For reasons unknown, said cargo of capsules were mishipped and diverted to Richmond, Virginia, USA and then
transported back Oakland, Califorilia. The goods finally arrived in the Philippines on June 10, 1977 or after two (2)
months from the date specified in the memorandum. As a consequence, private respondent as consignee refused to
take delivery of the goods on account of its failure to arrive on time.
Private respondent alleging gross negligence and undue delay in the delivery of the goods, filed an action before the
court a quo for rescission of contract with damages against petitioner and Eli Lilly, Inc. as defendants.
Issue: Whether petitioner negligently incurred in delay in the delivery of the shipment.
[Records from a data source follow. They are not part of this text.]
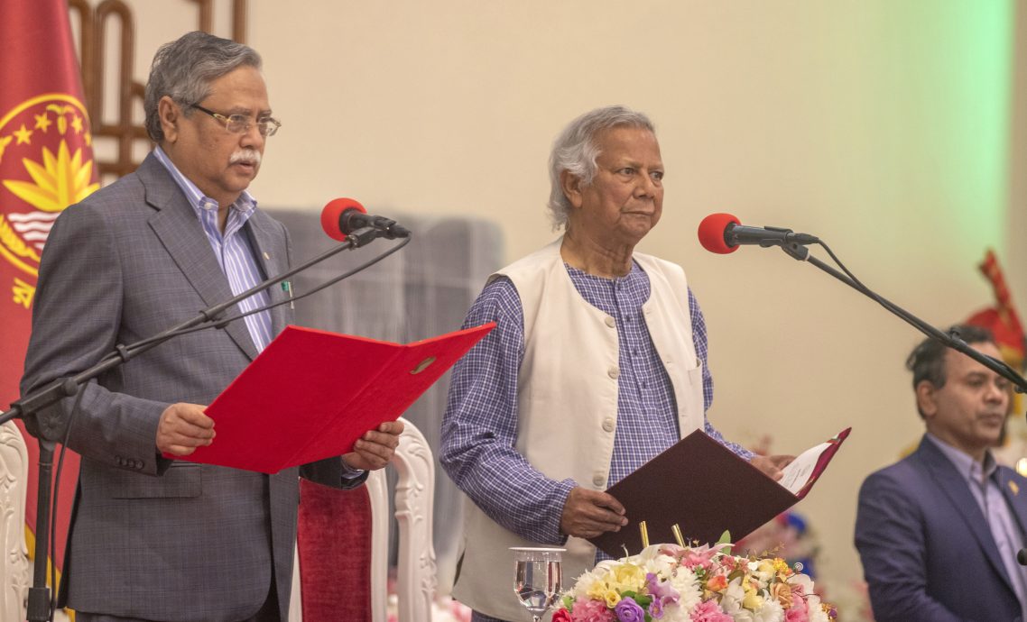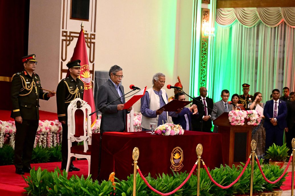 尤努斯在首都达卡的总统府宣誓就职,与会者包括政坛及公民社会领袖、军事将领及外交官员。
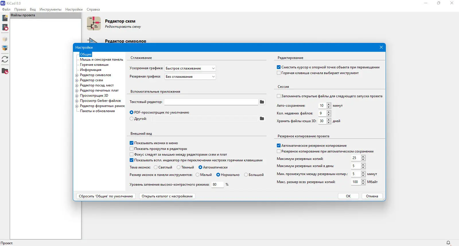 - Редактор схем — eeschema, обеспечивает создание и редактирование принципиальных схем.
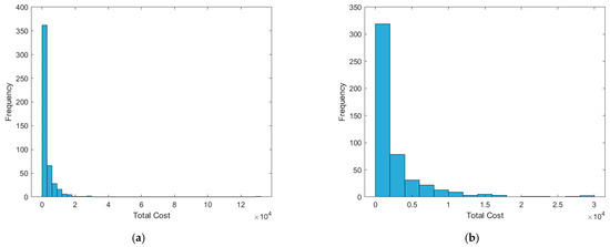 Histogram of the total cost: (a) all observations; (b) total cost truncated at 30,000.
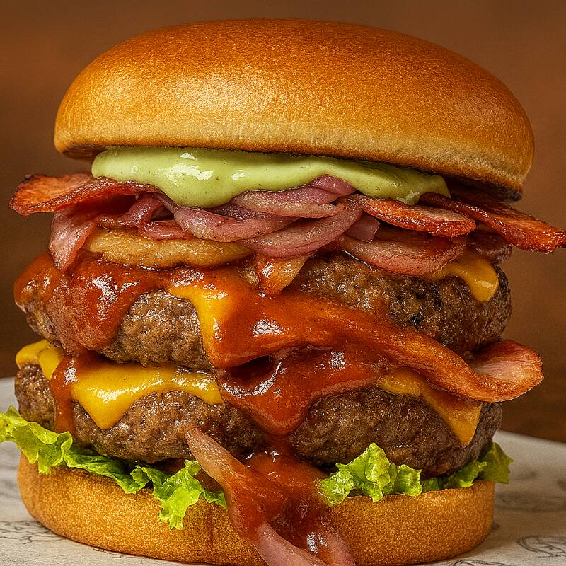 Pão brioche selado, molho especial Dom, dois hambúrgueres bovinos suculentos de 200g cada, duplo queijo cheddar derretido, bacon em dobro, molho barbecue, cebola roxa, alface e tomates frescos.
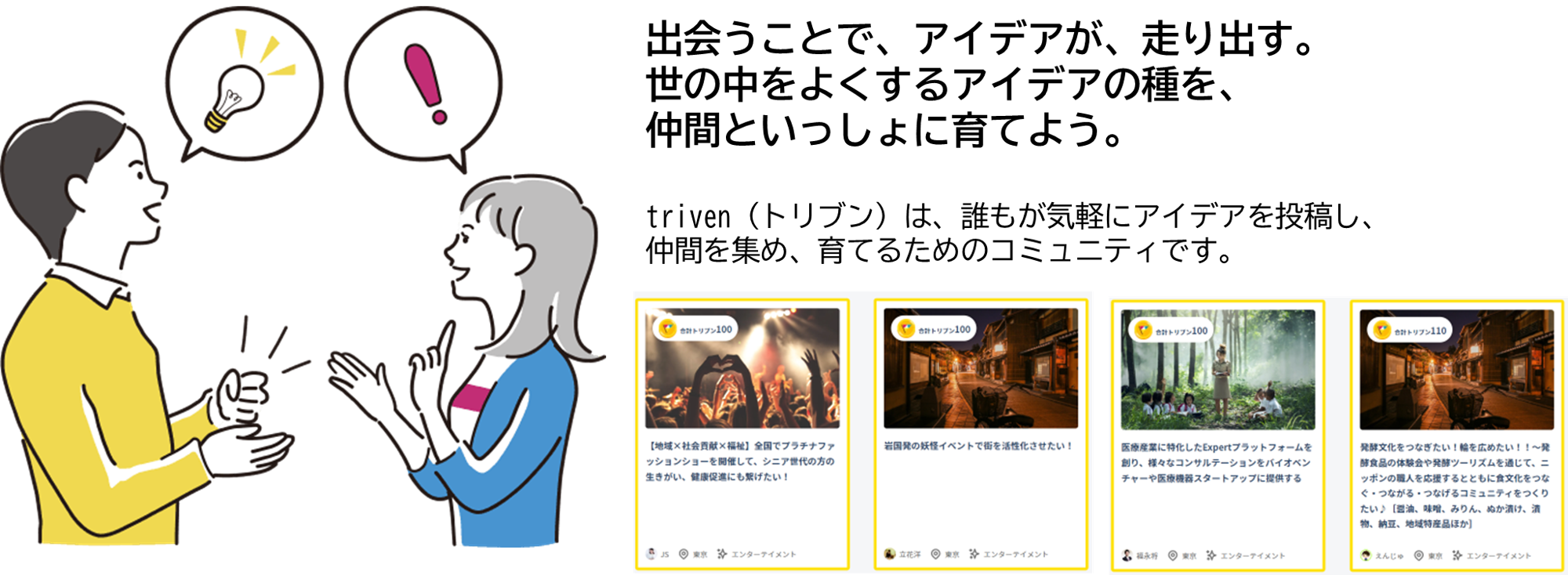 | 事業内容 | Webサービス「triven(トリブン)」運営、新事業開発支援、共創プロダクト製造販売 |
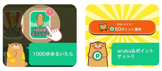 1,000歩歩くごとにaruku&ポイントが獲得できます。ホーム画面の「1000歩ミッション」ボタンをタップすると獲得できます。
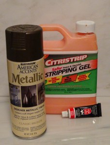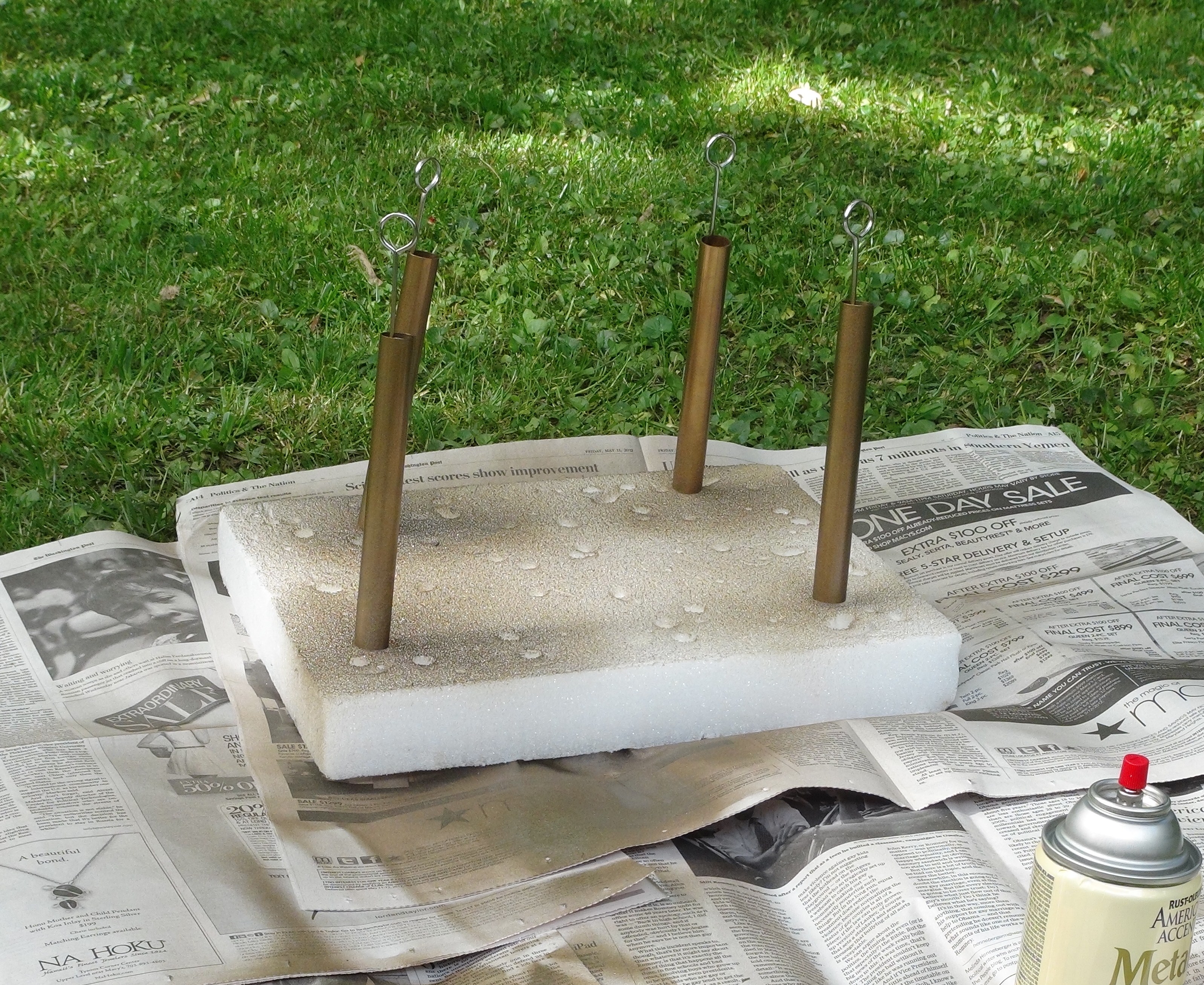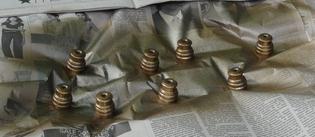 I liked the bronzed pineapple finials, so I decided to tone down the brass fittings. They screwed off easily and I sprayed them with American Accents Classic Bronze. To get an aged look, I rubbed a tiny bit of ebony Rub ‘n Buff over them. It’s important not to cover the whole fitting with the ebony–just apply a few streaks sparingly. Using styrofoam and skewers made this process a cinch.
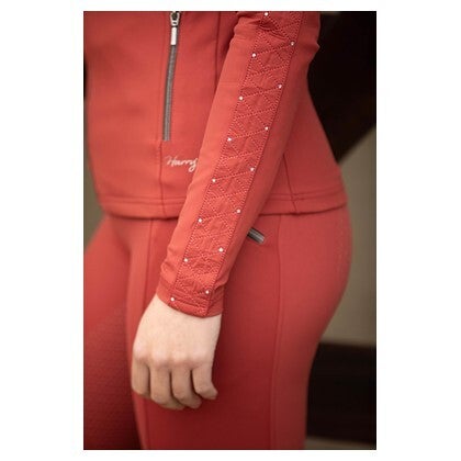 Vest met tweeweg ritssluiting, twee zakken met een ritssluiting, Equestrian Society logo op de borst en een sierstiksel met kristallen over de hele lengte van beide mouwen.
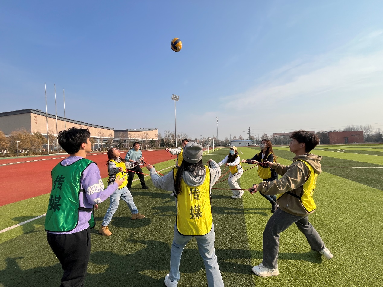 活动比赛项目,有鼓舞人心、踩气球、井字棋等项目,每个项目都设计了不同的挑战和难度,让参与者在挑战中不断提升自己。在活动开始之前,老师先组织同学们站成方队,按照男女比例随机分成七支队伍,挑选自己队伍的服装并穿好,然后一起做了活动前的热身运动。每支队伍对于各个项目经过多次的练习,团队内进行充分地讨论与优化,摸索到属于自己的最佳方案,例如,绿队在鼓舞人心项目上从最初只能垫一两个到最终垫十多个;白队在踩气球项目上采取保守战略,最终赢得该项目的第一名;蓝队在井字棋项目上采取“田忌赛马”的策略,赢得该项目的第一名。
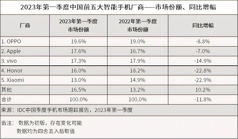 第二季度手机销量出炉:苹果第四,荣耀挤进前三,第一的OPPO还是上半年第一? 近日,财联社发布了一则消息:IDC公布了2023年第二季度中国智能手机的相关数据,OPPO延续Q1势头上半年成为中国市场第一。 看到Q2国内市场份额排在前五的手机厂商还是那几个,但如果对比第一季度的数据,排名就有意思了,像是苹果从第二变到了第四,难道iPhone 14系列不香了?看来15系列可能要大爆发了。表现亮眼也有不少,像荣耀从第四到二季度的第三、一直保持第一位的OPPO,拿下上半年国内市场份额第一也是妥妥的! OPPO之所以能稳定两个季度第一,其实从产品端就能看出OPPO发力了,其中OPPO打出的“影像+折叠”双旗舰策略的效果是明显的,成功帮助OPPO在600美元以上高端市场份额进入了前三位。小折叠屏Find N2 Flip绝对是大功臣,是上半年折叠屏单品的第一,看来大外屏的方向是很对的,怪不得刚发布的三星Z Flip5也跟进了。 400-600美元价位则是Reno系列表现出色,如在6月推出的全系配备长焦镜头、主打光影人像的Reno10系列。还有就是旗下品牌一加的迅速增长了,据悉其增速高达三位数,今年发布的一加11、Ace2、Ace2V三款机型都是同档位极具性价比的机型。
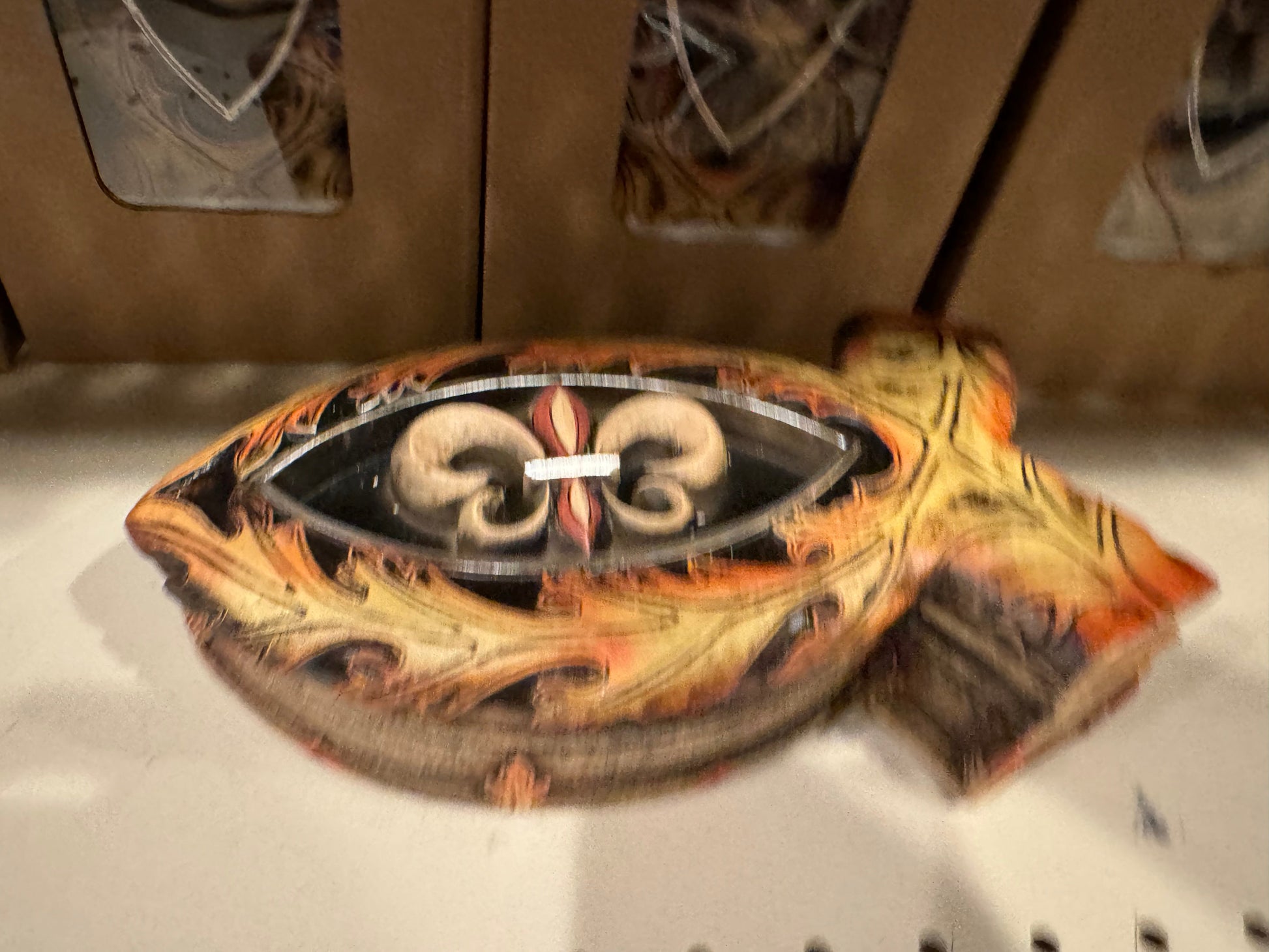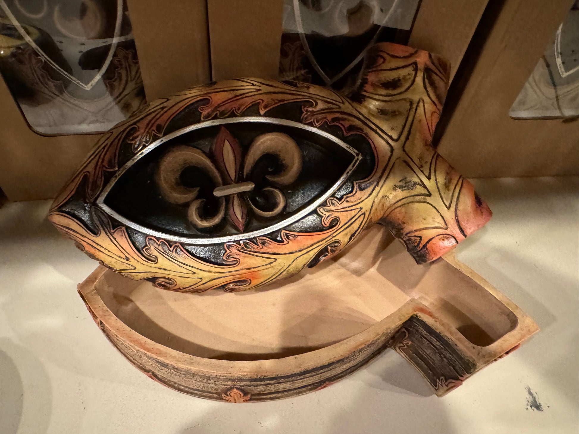 This Flour de Lys Large Trinket Box is crafted from sturdy resin, measuring 9 inches in length. This elegant box is perfect for storing small keepsakes or jewelry. Its durable construction ensures long-lasting use and adds a touch of sophistication to any room.

Ruling: An examination of the subject bill of lading (Exh. "1"; AC GR CV No. 10340, Folder of Exhibits, p. 41) shows
that the subject shipment was estimated to arrive in Manila on April 3, 1977. While there was no special contract

entered into by the parties indicating the date of arrival of the subject shipment, petitioner nevertheless, was very well
aware of the specific date when the goods were expected to arrive as indicated in the bill of lading itself. In this
regard, there arises no need to execute another contract for the purpose as it would be a mere superfluity.
In the case before us, we find that a delay in the delivery of the goods spanning a period of two (2) months and seven
(7) days falls was beyond the realm of reasonableness. Described as gelatin capsules for use in pharmaceutical
products, subject shipment was delivered to, and left in, the possession and custody of petitioner-carrier for transport
to Manila via Oakland, California. But through petitioner's negligence was mishipped to Richmond, Virginia.
Petitioner's insitence that it cannot be held liable for the delay finds no merit.